Feature Detection and Extraction

A feature is an interesting part of an image, such as a corner, blob, edge, or line. Feature extraction enables you to derive a set of feature vectors, also called descriptors, from a set of detected features. Computer Vision System Toolbox offers capabilities for feature detection and extraction that include:

  • Corner detection, including Shi & Tomasi, Harris, and FAST methods
  • BRISK, MSER, and SURF detection for blobs and regions
  • Extraction of BRISK, FREAK, SURF, and simple pixel neighborhood descriptors
  • Histogram of Oriented Gradients (HOG) feature extraction
  • Visualization of feature location, scale, and orientation
SURF, MSER, and corner detection with Computer Vision System Toolbox.
SURF (left), MSER (center), and corner detection (right) with Computer Vision System Toolbox. Using the same image, the three different feature types are detected and results are plotted over the original image.
Histogram of Oriented Gradients (HOG) feature extraction of image
Histogram of Oriented Gradients (HOG) feature extraction of image (top). Feature vectors of different sizes are created to represent the image by varying cell size.

Feature Matching

Feature matching is the comparison of two sets of feature descriptors obtained from different images to provide point correspondences between images.

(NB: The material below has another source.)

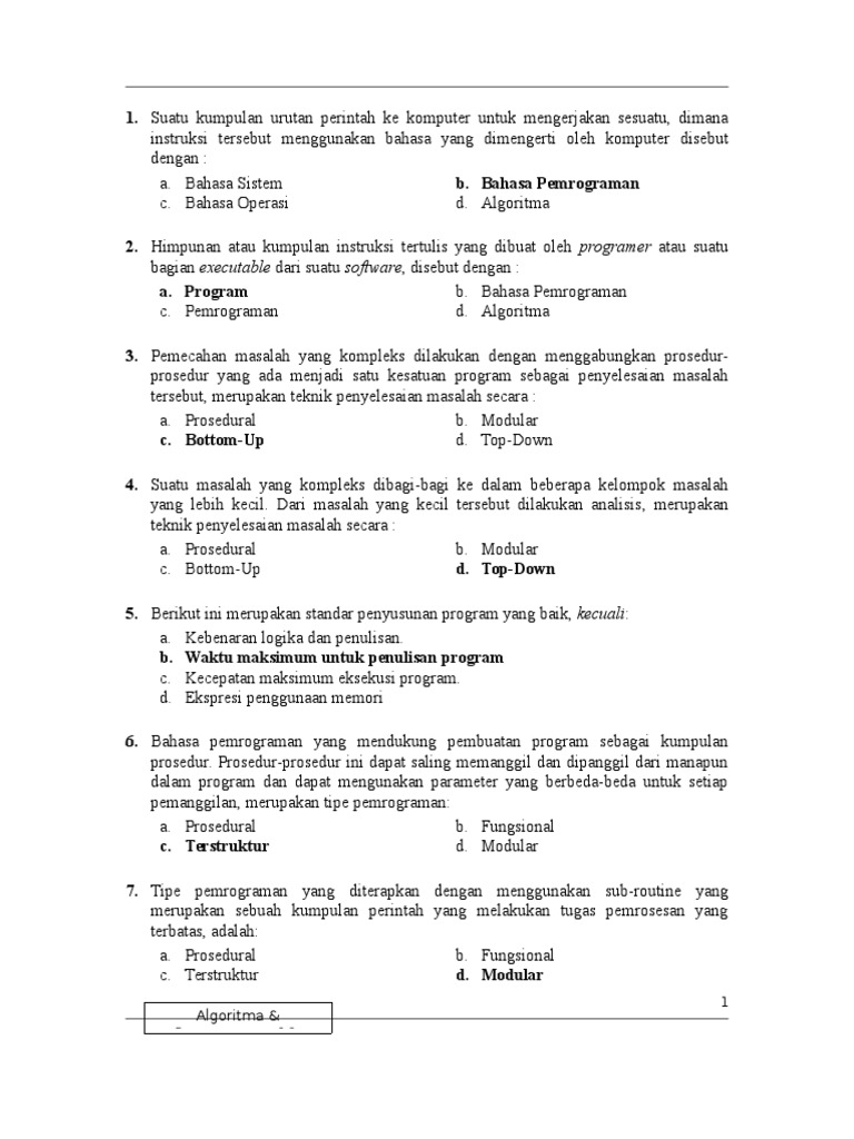 Apa definisi pseudo code dan contohnya. Jelaskan dengan contoh kasus algoritma yang memiliki struktur percabangan. Soal ujian utama algoritma dan pemrograman 2 gunadarma in soal ujian utama algoritma dan pemrograman 2 gunadarma soal ujian utama algoritma dan pemrograman 2 gunadarma 2017 soal ujian utama algoritma dan pemrograman 2 gunadarma 2018 by admin on april 01 2018. Apa definisi algoritma dan contohnya. Berikut ini kumpulan soal soal dasar algoritma dan pemrograman. Berikut informasi sepenuhnya tentang contoh soal algoritma pemrograman dan penyelesaiannya.

Computer Vision System Toolbox offers functionality for feature matching that includes:

  • Configurable matching metrics, including SAD, SSD, and normalized cross-correlation
  • Hamming distance for binary features
  • Matching methods including Nearest Neighbor Ratio, Nearest Neighbor, and Threshold
  • Multicore support for faster execution on large feature sets
Detected features indicated by red circles and green crosses.
Detected features indicated by red circles (left) and green crosses (right). The yellow lines indicate the corresponding matched features between the two images.

Statistically robust methods like RANSAC can be used to filter outliers in matched feature sets while estimating the geometric transformation or fundamental matrix, which is useful when using feature matching for image registration, object detection, or stereo vision applications.

Feature-Based Image Registration

Image registration is the transformation of images from different camera views to use a unified co-coordinate system. Computer Vision System Toolbox supports an automatic approach to image registration by using features. Typical uses include video mosaicking, video stabilization, and image fusion.

Feature detection, extraction, and matching are the first steps in the feature-based automatic image registration workflow. You can remove the outliers in the matched feature sets using RANSAC to compute the geometric transformation between images and then apply the geometric transformation to align the two images.

Feature-based registration, as used for video stabilization.
Feature-based registration, used for video stabilization. The system toolbox detects interest points in two sequential video frames using corner features (top); the putative matches are determined with numerous outliers (bottom left), and outliers are removed using the RANSAC method (bottom right).

Object Detection and Recognition

Object detection and recognition are used to locate, identify, and categorize objects in images and video. Computer Vision System Toolbox provides a comprehensive suite of algorithms and tools for object detection and recognition.

Object Classification

You can detect or recognize an object in an image by training an object classifier using pattern recognition algorithms that create classifiers based on training data from different object classes. The classifier accepts image data and assigns the appropriate object or class label.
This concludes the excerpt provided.